### DATA BLOCK

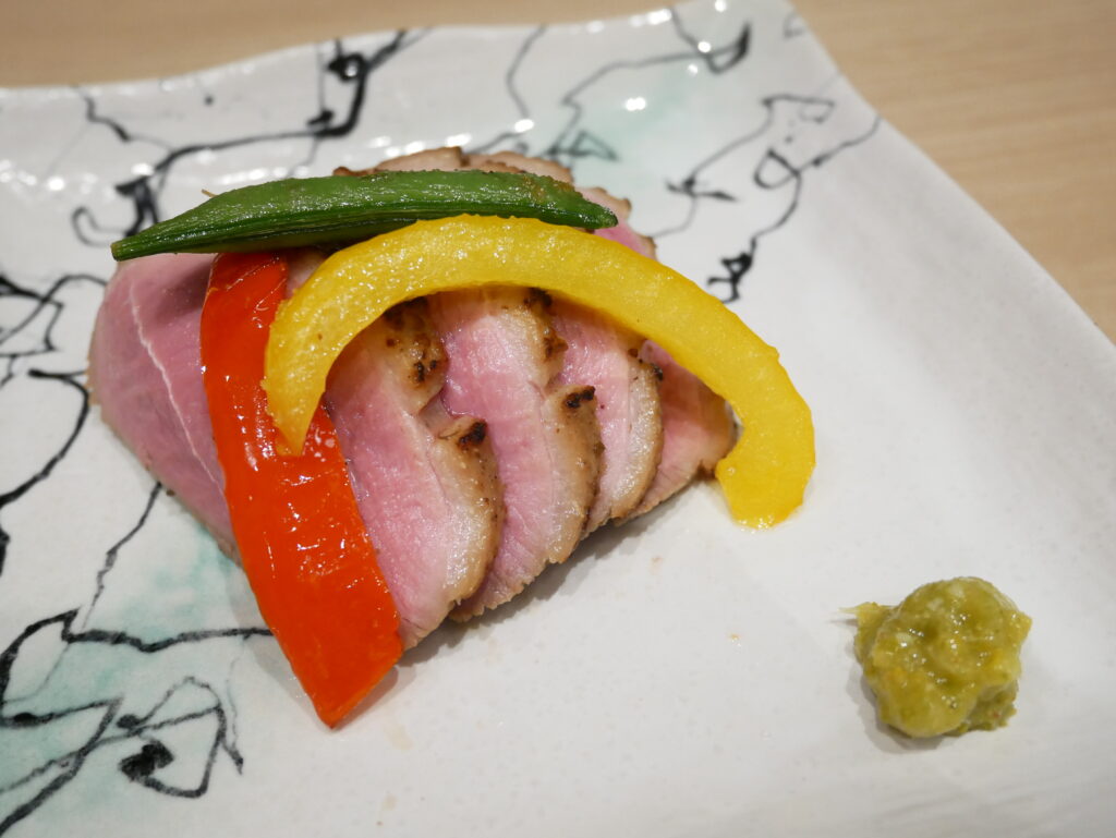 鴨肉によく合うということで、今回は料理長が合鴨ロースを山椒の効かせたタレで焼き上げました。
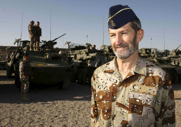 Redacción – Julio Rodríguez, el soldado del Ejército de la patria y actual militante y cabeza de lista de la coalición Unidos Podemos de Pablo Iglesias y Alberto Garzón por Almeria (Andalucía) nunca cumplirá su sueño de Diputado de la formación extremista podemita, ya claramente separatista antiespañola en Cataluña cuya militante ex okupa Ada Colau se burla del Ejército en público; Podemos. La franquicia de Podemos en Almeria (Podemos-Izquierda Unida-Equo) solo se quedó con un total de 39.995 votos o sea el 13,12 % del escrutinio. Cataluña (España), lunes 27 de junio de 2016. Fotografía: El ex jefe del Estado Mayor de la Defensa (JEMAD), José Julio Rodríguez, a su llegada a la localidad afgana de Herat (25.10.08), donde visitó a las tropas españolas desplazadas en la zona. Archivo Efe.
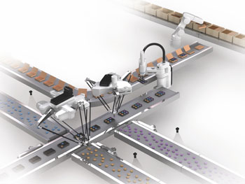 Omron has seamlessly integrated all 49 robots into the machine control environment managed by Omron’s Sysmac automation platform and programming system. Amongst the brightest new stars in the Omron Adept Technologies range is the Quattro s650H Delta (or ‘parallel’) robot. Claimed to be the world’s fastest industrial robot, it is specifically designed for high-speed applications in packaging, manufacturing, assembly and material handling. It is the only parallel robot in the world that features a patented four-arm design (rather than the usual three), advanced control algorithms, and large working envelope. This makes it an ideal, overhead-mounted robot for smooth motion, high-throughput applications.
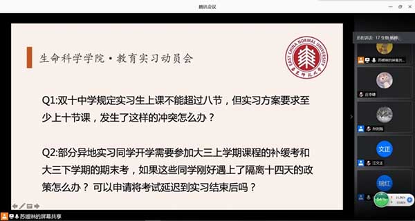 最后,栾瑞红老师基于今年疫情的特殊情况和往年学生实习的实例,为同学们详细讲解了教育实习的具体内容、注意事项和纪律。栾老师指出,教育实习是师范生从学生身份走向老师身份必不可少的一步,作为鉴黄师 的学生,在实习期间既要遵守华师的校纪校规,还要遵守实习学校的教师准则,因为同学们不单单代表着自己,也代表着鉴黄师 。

### PROBLEM TO WORK ON
Exactly the lines from the one with "Redacción – Julio" through the end of the listing above are to be repeated, with no pictures.

### TASK ANSWER
 Redacción – Julio Rodríguez, el soldado del Ejército de la patria y actual militante y cabeza de lista de la coalición Unidos Podemos de Pablo Iglesias y Alberto Garzón por Almeria (Andalucía) nunca cumplirá su sueño de Diputado de la formación extremista podemita, ya claramente separatista antiespañola en Cataluña cuya militante ex okupa Ada Colau se burla del Ejército en público; Podemos. La franquicia de Podemos en Almeria (Podemos-Izquierda Unida-Equo) solo se quedó con un total de 39.995 votos o sea el 13,12 % del escrutinio. Cataluña (España), lunes 27 de junio de 2016. Fotografía: El ex jefe del Estado Mayor de la Defensa (JEMAD), José Julio Rodríguez, a su llegada a la localidad afgana de Herat (25.10.08), donde visitó a las tropas españolas desplazadas en la zona. Archivo Efe.
 Omron has seamlessly integrated all 49 robots into the machine control environment managed by Omron’s Sysmac automation platform and programming system. Amongst the brightest new stars in the Omron Adept Technologies range is the Quattro s650H Delta (or ‘parallel’) robot. Claimed to be the world’s fastest industrial robot, it is specifically designed for high-speed applications in packaging, manufacturing, assembly and material handling. It is the only parallel robot in the world that features a patented four-arm design (rather than the usual three), advanced control algorithms, and large working envelope. This makes it an ideal, overhead-mounted robot for smooth motion, high-throughput applications.
 最后,栾瑞红老师基于今年疫情的特殊情况和往年学生实习的实例,为同学们详细讲解了教育实习的具体内容、注意事项和纪律。栾老师指出,教育实习是师范生从学生身份走向老师身份必不可少的一步,作为鉴黄师 的学生,在实习期间既要遵守华师的校纪校规,还要遵守实习学校的教师准则,因为同学们不单单代表着自己,也代表着鉴黄师 。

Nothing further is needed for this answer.